Опиум интеллектуалов — страница 20 из 65

Крестьяне недовольны крупными землевладельцами потому, что хотят обладать землей, и они другим путем прибегают к жестким мерам. Именно в деревне и ради владения землей режим собственности имеет действительно решающее значение. Чем лучше развивается современная промышленность, тем менее важен статус собственности. Ни на Кировском заводе, ни на «Дженерал моторс» нет ни одного пролетария. Различия касаются набора управляющих и распределения власти.

Если предположить, что «преобразование истории» что-то означает, то наименее способным выполнить это представляется мне рабочий класс. Революции в индустриальных обществах изменяют идею о том, что работники смиряются со своим положением и с теми, кто ими управляет. Они преобразуют отношения между двойной иерархией: с одной стороны, технико-бюрократической системой, а с другой – профсоюзами и политикой. Результатом крупных революций ХХ века было подчинение последних бюрократической системе.

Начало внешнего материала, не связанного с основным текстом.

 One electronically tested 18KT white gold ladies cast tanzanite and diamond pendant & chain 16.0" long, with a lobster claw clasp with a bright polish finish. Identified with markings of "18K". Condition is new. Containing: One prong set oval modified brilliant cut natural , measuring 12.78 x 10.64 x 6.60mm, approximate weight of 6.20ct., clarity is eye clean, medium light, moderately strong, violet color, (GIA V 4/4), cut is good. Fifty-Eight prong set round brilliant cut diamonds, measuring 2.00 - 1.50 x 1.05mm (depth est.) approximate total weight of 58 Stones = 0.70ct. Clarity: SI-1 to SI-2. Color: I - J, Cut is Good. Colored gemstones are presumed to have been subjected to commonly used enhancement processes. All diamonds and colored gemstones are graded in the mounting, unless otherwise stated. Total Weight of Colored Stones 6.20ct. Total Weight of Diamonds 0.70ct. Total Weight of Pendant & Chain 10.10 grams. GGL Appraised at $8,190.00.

В Третьем рейхе и советской России руководители рабочих организаций передавали приказы государства наемным рабочим, но, кроме того, они не пересылали государству требования рабочих. Хозяева власти на самом деле считали себя облеченными полномочиями всей нации или расы. Члены Политбюро – избранники истории. Из-за того, что генеральный секретарь партии считает себя вождем пролетариата, несколько западных философов одновременно находят законными те действия, которые они разоблачали при капитализме: усиленная экономия, сдельная оплата труда и т. д. Они одобряют запреты, которые заклеймили бы, если бы демократы признали себя виновными. Рабочие Восточной Германии, забастовавшие против повышения норм, стали предателями своего класса. Если Гротеволь[46] не ссылался бы на Маркса, он стал бы палачом пролетариата. Замечательное свойство слова!

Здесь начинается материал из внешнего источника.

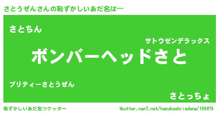 | 男性向けラノベタイトル風あだ名 | 『おまえをオタクにしてやるから、俺をさとうぜんにしてくれ! 』 |
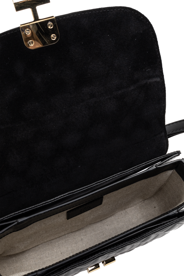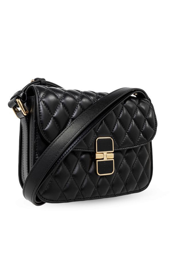 Introducing the \"Grace\" Shoulder Bag by A.P.C., a paragon of exquisite craftsmanship and understated luxury. This medium-sized bag, rendered in a sophisticated black hue, epitomizes elegance with its textured, quilted material that mimics the plush feel of matelassé. The diamond pattern quilting across the bag\'s surface adds a tactile richness, making it a statement piece that complements any ensemble. The \"Grace\" is not only a marvel in design but also in functionality. Its front features a striking gold metal clasp, serving both an aesthetic and practical purpose. The bag\'s long, adjustable shoulder strap offers versatile carrying options, ensuring comfort and ease for the wearer. Further enhancing its elegance are the additional gold metal details, including the rings attaching the strap, which imbue the bag with a touch of opulence. Internally, the \"Grace\" reveals a thoughtfully organized space lined with a light fabric, equipped with three separate compartments and at least one inner pocket, ideal for securing essentials. The use of 100% leather for the inner layer emphasizes the bag\'s luxury status, promising durability and a soft touch. Why Purchase the \"Grace\" Shoulder Bag? Iconic quilted design with a modern twist. Enhanced functionality with its multiple compartments and adjustable strap. Luxurious gold metal accents that elevate the bag\'s aesthetic appeal. Exquisite craftsmanship by renowned designer A.P.C., ensuring quality and durability. Versatile and timeless, perfect for any occasion.
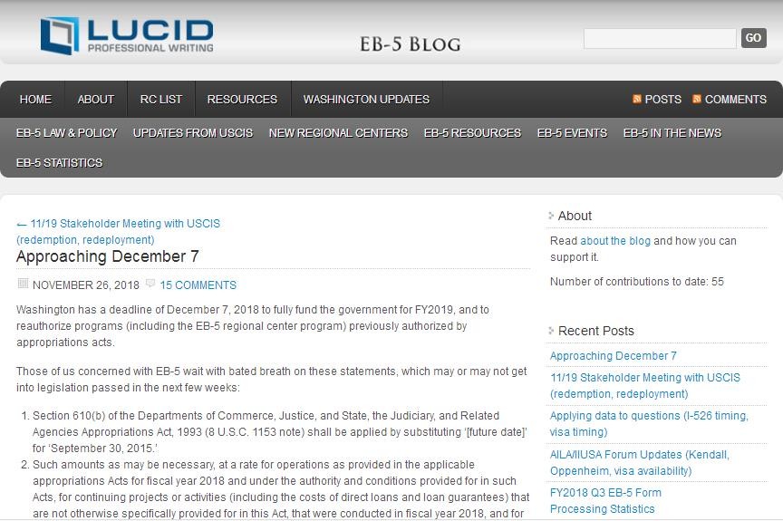 转眼间,美国联邦预算和EB-5区域中心计划到期之日又将来临。国会议员们在感恩节后刚回到国会,开始了12.7之前的立法博弈。

Тоталитарные режимы устанавливают единство технической и политической иерархий. И неважно, приветствуют их или проклинают, в этом видят только положение, пренебрегая вековым опытом. Свободные общества Запада, где есть разделение властей и светское государство, представляют собой особенность истории. Революционеры, мечтающие о всеобщем освобождении, ускоряют возвращение к обветшалому деспотизму.

О политическом оптимизме

Левые, революция, пролетариат – эти модные понятия являются запоздалыми репликами великих мифов, которые в недавнем прошлом питали политический оптимизм – прогресс, разум, народ.

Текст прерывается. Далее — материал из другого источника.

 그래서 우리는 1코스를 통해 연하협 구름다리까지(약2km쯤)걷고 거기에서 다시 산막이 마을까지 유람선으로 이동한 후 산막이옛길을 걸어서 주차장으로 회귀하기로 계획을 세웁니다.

Левые, охватывающие все партии, расположенные на одной стороне полушария, которым приписывают постоянные цели или вечное призвание при условии, что будущее ценится больше, чем настоящее, и что направление становления обществ будет раз и навсегда определенным. Миф о левых предполагает прогресс, он поддерживается историческим видением, не проявляя при этом одной и той же доверчивости: левые никогда не перестанут сталкиваться с ней, преграждая дорогу правым, никогда не побежденным и не обращенным в другую веру.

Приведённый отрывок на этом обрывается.